Bereits sechs Minuten nach dem Wiederanpfiff traf der Halblinke zum 21:12, dem Hofmann kurz darauf die erste Zehn-Tore-Führung folgen ließ (23:13, 42.).

Am Ende ließen schalteten die Wohlrab-Schützlinge im Bewusstsein des sicheren Sieges einen Gang zurück und ließen die Würzburger durch Lukas Böhm noch einmal auf sieben Treffer herankommen (30:23, 57.). »So kann es gerne weitergehen. Die Jungs bekommen am Feiertag einen zusätzlichen freien Tag, das haben sie sich verdient«, so Wohlrab, dessen Torhüter am Ende der Pressekonferenz noch einen nicht ganz ernst gemeinten Vorschlag an seinen Partner Grazioli schickte: »Vielleicht schlage ich Leo demnächst vor, dass er die Auswärtsspiele macht und ich die Heimbegegnungen spiele. Mal sehen, was er davon hält.«

Hüttenberg: Plaue, Rüspeler - Schwarz (4), Kirschner (4), Opitz, Theiß (1), Fujita (1), Weber (2), Zörb (1), Reichl (1), Hofmann (7/2), Klein (2), Kompenhans (3), Schreiber (1), Ribeiro (5), Kuntscher (1).

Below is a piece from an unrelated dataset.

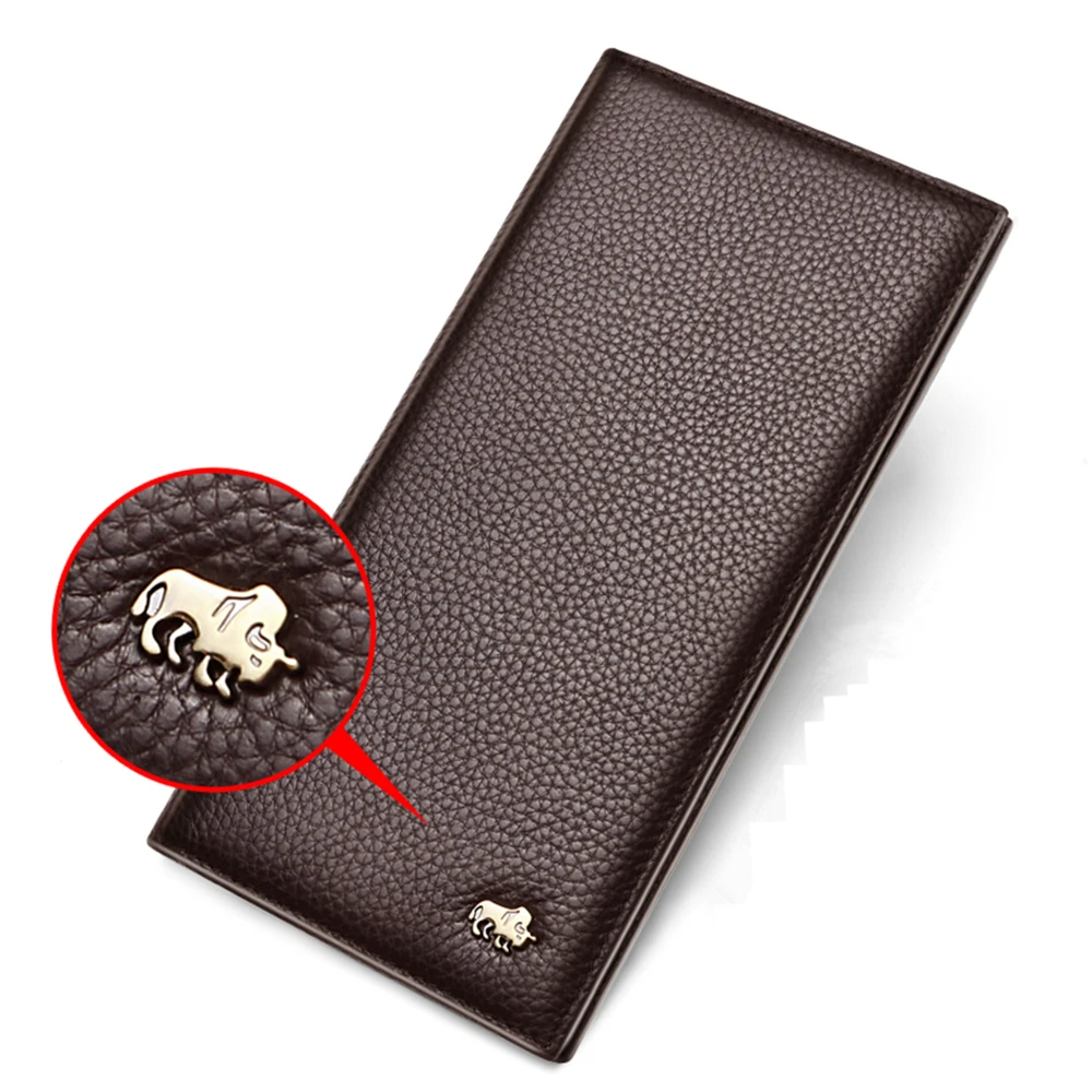 Мужской Длинный кошелек BISON DENIM, деловой Тонкий кошелек из натуральной кожи, N4470-1
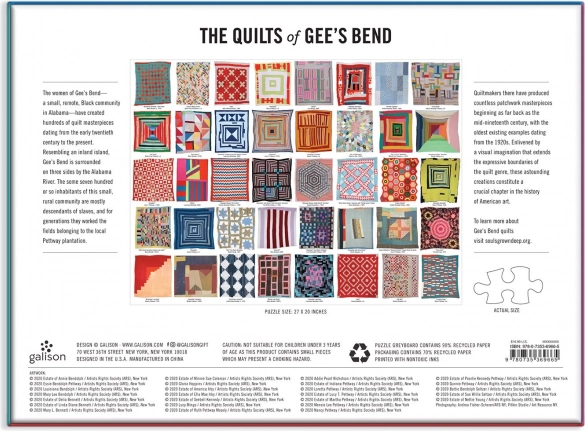Ponorte sa do vizuálne strhujúcej kolekcie patchworkových vzorov inšpirovaných tvorbou žien z Gee’s Bend v Alabame. Toto 1000-dielikové puzzle ponúka kombináciu bohatých farieb a geometrických motívov, ktoré vytvárajú jedinečný obraz s vysokou dekoratívnou hodnotou.

Würzburg: Wieser, Maier - Schömig (2/1), Böhm (4), Neagu (2), Schmidt (4/3), Kaufmann (1), Dürr, Hack (2), Geis, Rose (6), Seidler (3), Merk.

Schiedsrichter: Frank/Bona (Radevormwald/Remscheid) - Zuschauer: 859 - Zeitstrafen: Hüttenberg eine (Weber), Würzburg zwei (Hack, Neagu) - verworfene Siebenmeter: Weber (Hüttenberg) wirft an den Pfosten (11.), Schömig (Würzburg) scheitert an Plaue (13.).